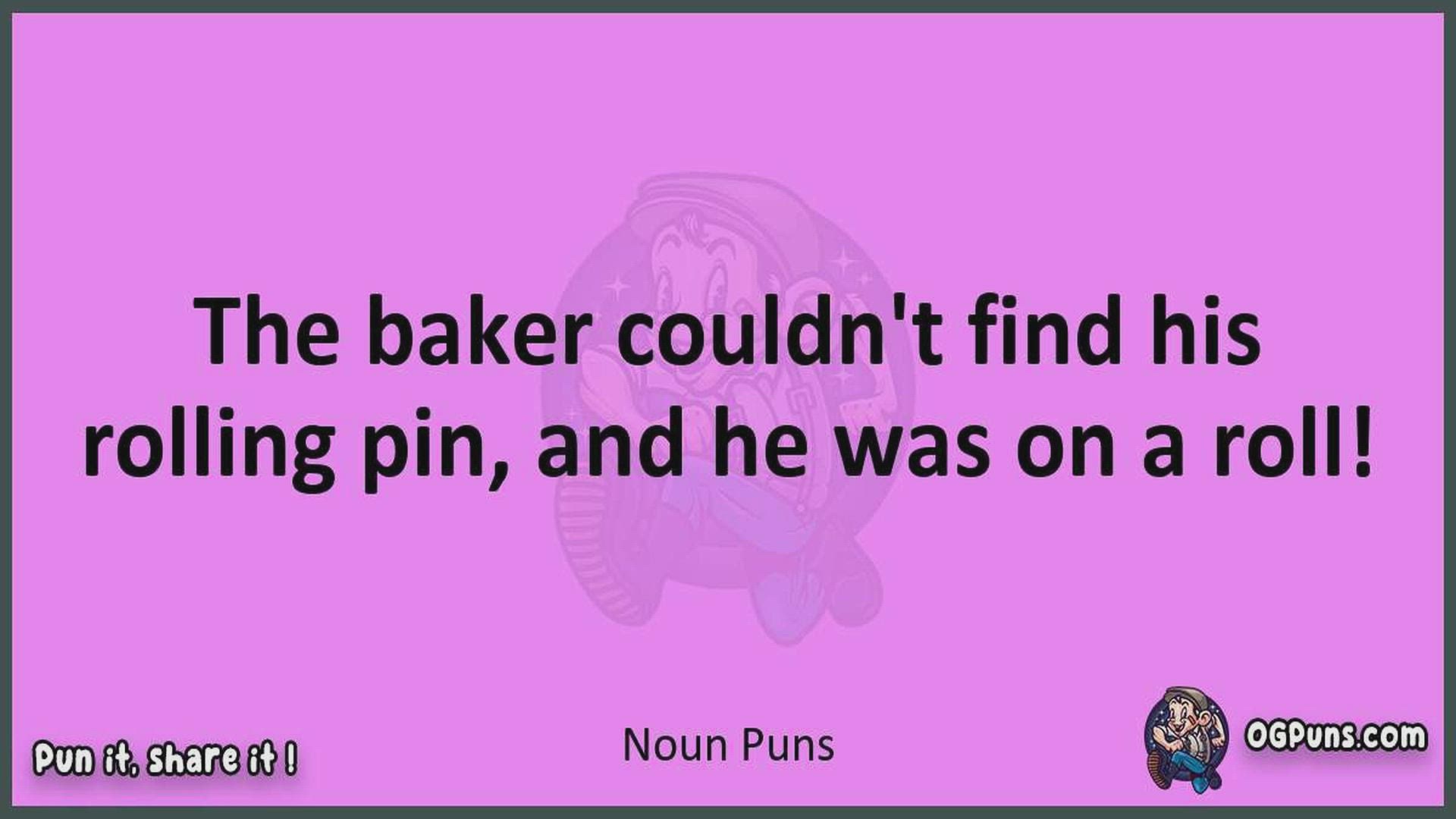 Delve into the delightful world of Noun Puns ! Here, you'll find an entertaining mix of jokes, puns, quips, and wordplay. Each piece is crafted to offer a quick escape into humor, perfect for a light-hearted moment in any day. Whether you're seeking a chuckle or a clever twist on familiar themes, this collection promises to deliver smiles and laughter. Embrace the lighter side of life with humor that's both witty and refreshing."
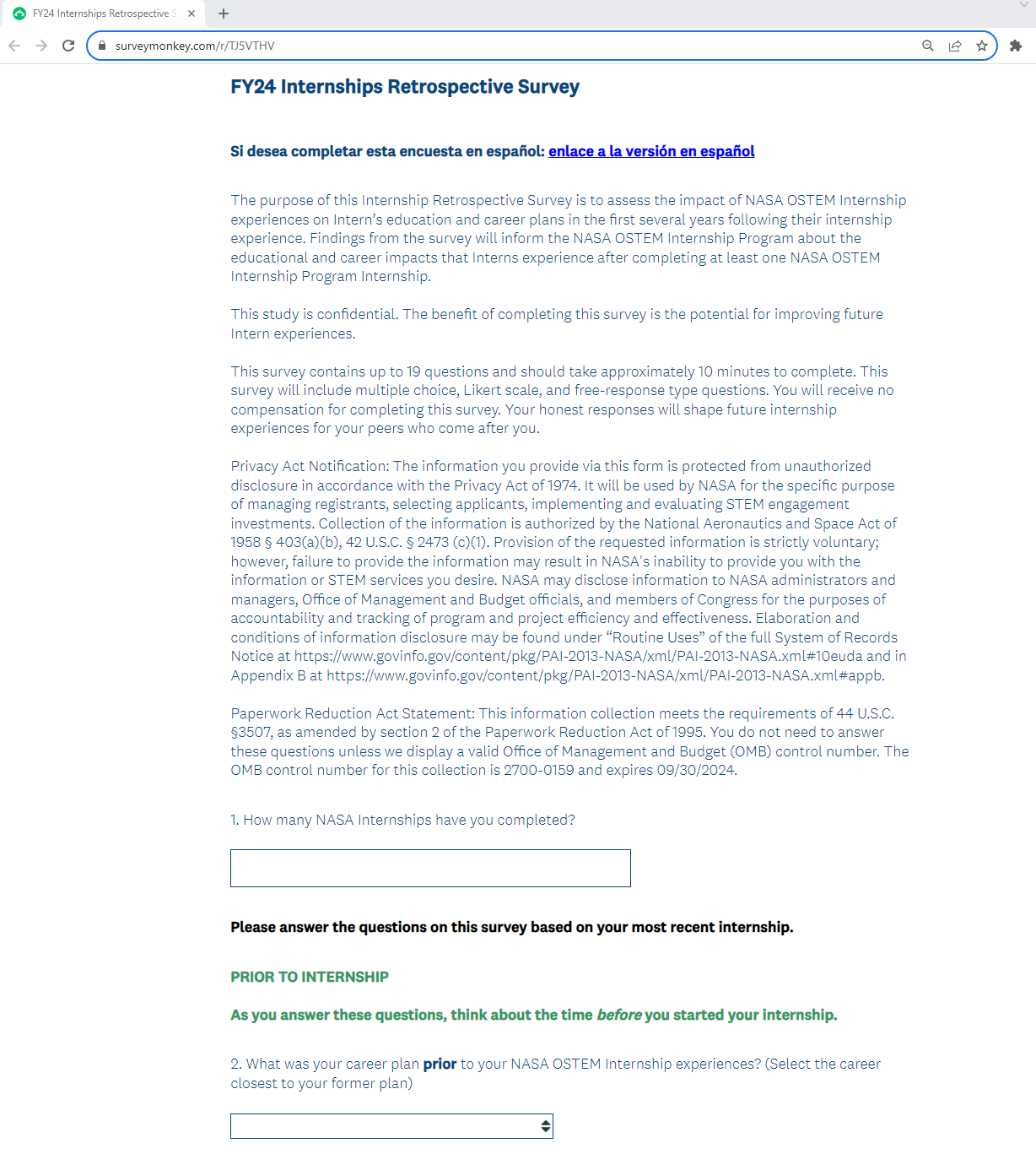 Internship Retrospective Survey Screenshots (12-8-23)
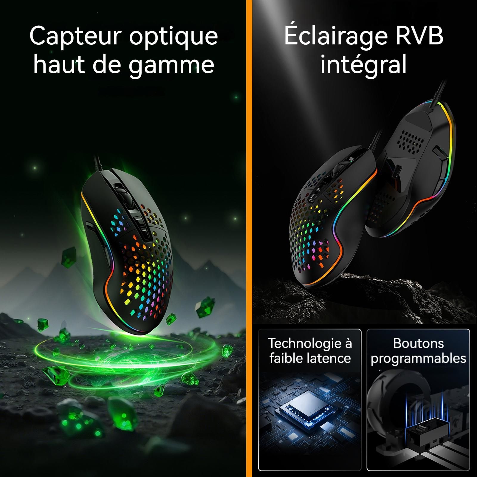 Souris de jeu sans fil, design ergonomique, clic silencieux, RVB lumineux, 2400 DPI 6 DPI réglabls t taux d rafraîchissmnt d 7 000 : prsonnalisz la snsibilité avc 6 nivaux DPI réglabls pour répondr à vos bsoins. Avc un taux d rafraîchissmnt d 7 000 FPS, chaqu mouvmnt st capturé avc précision, offrant un xpérinc d ju fluid Souris Ergonomic ARAMOX Souris Sans Fil Souris De Jeu Creuse Sans Fil Rechargeable RVB Fournitures Informatiques Souris Gaming 3600 Dpi Spec: Le capteur à haute précision réduit la fatigue musculaire et augmente votre flux de travail. De plus, travaillez sans effort sur les ordinateurs portables, les ordinateurs de bureau, et plus encore avec sa large compatibilité. Souris Sans Fil Rvb, Souris Sans Fil Abs 2.4G 2400 Dpi Rvb Pour Le Travail (Bleu)[H5289... Une excellente souris informatique offre un confort total avec un angle de poignée de main ergonomique, des poignées profilées. Type d'article: Recharge de souris sans fil à trois modes Capteur: FR2012 + 3212 Fréquence de retour par défaut: Mode BT: 125Hz, mode 2., 4G: 250Hz, mode câblé: 1000hz 4800 Frames par seconde Accélération: 10g Mode de fonctionnement: optique Type: câblé / 2,4 GHz / Bt5., 3 Longueur du câble: 1,8 m Nombre de boutons: 6 Buttes Lifspan: 10 millions de fois (clés silencieuse) Publite: 650ms RGB Distance sans fil: 10 têtes Rechargeable et personnalisable: est livré avec une batterie de 650 mAh, offrant une plage sans fil de 10 m et des paramètres personnalisables comprennent 6 boutons programmables et 6 modes de lumière RGB. Modes de capteurs multiples: équipés de capteurs FR2012 + 3212, prend en charge différentes fréquences dans les modes BT (125 Hz), 2,4 g (250 Hz) et les modes filaires (1000Hz) pour une grande précision et des performances.
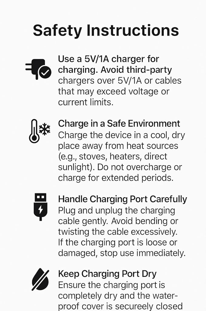 - Safety Instructions: Use only a 5V/1A charger for safe charging. Avoid third-party chargers that exceed voltage or current limits. Charge in a cool, dry place away from heat sources and do not overcharge. Plug and unplug the charging cable gently, and ensure the charging port is completely dry with the waterproof cover securely closed before charging.
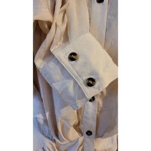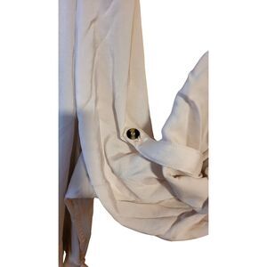 Shirting, but make it cool. Done in lightweight polyester to feel like silk in a modern cream hue, this isn't your average shirt dress. The classic tailored silhouette gets a relaxed spin courtesy of effortless draping, a waist-cinching tie belt and rolled sleeves. Wear the sleeves down with the cuff or rolled up; your choice. Nice touch with the tortoise shell colored buttons. Appropriately Ruched to hide bumps or lumps. Pair with block-heel booties and you're ready to go. Also pairs nicely with a Summer tan or tanning lotion. NOTE: The picture of the gray dress is to just show you the style on someone, it is the same style but different material. 83% of the reviews say they would recommend this dress to someone else. Retail $60 NEVER BEEN WORN

○ ○ ○ ○ ○

## [GOAL OF THE EXERCISE]
Write out the listing above exactly, images omitted.

## [ANSWER]
 Delve into the delightful world of Noun Puns ! Here, you'll find an entertaining mix of jokes, puns, quips, and wordplay. Each piece is crafted to offer a quick escape into humor, perfect for a light-hearted moment in any day. Whether you're seeking a chuckle or a clever twist on familiar themes, this collection promises to deliver smiles and laughter. Embrace the lighter side of life with humor that's both witty and refreshing."
 Internship Retrospective Survey Screenshots (12-8-23)
 Souris de jeu sans fil, design ergonomique, clic silencieux, RVB lumineux, 2400 DPI 6 DPI réglabls t taux d rafraîchissmnt d 7 000 : prsonnalisz la snsibilité avc 6 nivaux DPI réglabls pour répondr à vos bsoins. Avc un taux d rafraîchissmnt d 7 000 FPS, chaqu mouvmnt st capturé avc précision, offrant un xpérinc d ju fluid Souris Ergonomic ARAMOX Souris Sans Fil Souris De Jeu Creuse Sans Fil Rechargeable RVB Fournitures Informatiques Souris Gaming 3600 Dpi Spec: Le capteur à haute précision réduit la fatigue musculaire et augmente votre flux de travail. De plus, travaillez sans effort sur les ordinateurs portables, les ordinateurs de bureau, et plus encore avec sa large compatibilité. Souris Sans Fil Rvb, Souris Sans Fil Abs 2.4G 2400 Dpi Rvb Pour Le Travail (Bleu)[H5289... Une excellente souris informatique offre un confort total avec un angle de poignée de main ergonomique, des poignées profilées. Type d'article: Recharge de souris sans fil à trois modes Capteur: FR2012 + 3212 Fréquence de retour par défaut: Mode BT: 125Hz, mode 2., 4G: 250Hz, mode câblé: 1000hz 4800 Frames par seconde Accélération: 10g Mode de fonctionnement: optique Type: câblé / 2,4 GHz / Bt5., 3 Longueur du câble: 1,8 m Nombre de boutons: 6 Buttes Lifspan: 10 millions de fois (clés silencieuse) Publite: 650ms RGB Distance sans fil: 10 têtes Rechargeable et personnalisable: est livré avec une batterie de 650 mAh, offrant une plage sans fil de 10 m et des paramètres personnalisables comprennent 6 boutons programmables et 6 modes de lumière RGB. Modes de capteurs multiples: équipés de capteurs FR2012 + 3212, prend en charge différentes fréquences dans les modes BT (125 Hz), 2,4 g (250 Hz) et les modes filaires (1000Hz) pour une grande précision et des performances.
 - Safety Instructions: Use only a 5V/1A charger for safe charging. Avoid third-party chargers that exceed voltage or current limits. Charge in a cool, dry place away from heat sources and do not overcharge. Plug and unplug the charging cable gently, and ensure the charging port is completely dry with the waterproof cover securely closed before charging.
 Shirting, but make it cool. Done in lightweight polyester to feel like silk in a modern cream hue, this isn't your average shirt dress. The classic tailored silhouette gets a relaxed spin courtesy of effortless draping, a waist-cinching tie belt and rolled sleeves. Wear the sleeves down with the cuff or rolled up; your choice. Nice touch with the tortoise shell colored buttons. Appropriately Ruched to hide bumps or lumps. Pair with block-heel booties and you're ready to go. Also pairs nicely with a Summer tan or tanning lotion. NOTE: The picture of the gray dress is to just show you the style on someone, it is the same style but different material. 83% of the reviews say they would recommend this dress to someone else. Retail $60 NEVER BEEN WORN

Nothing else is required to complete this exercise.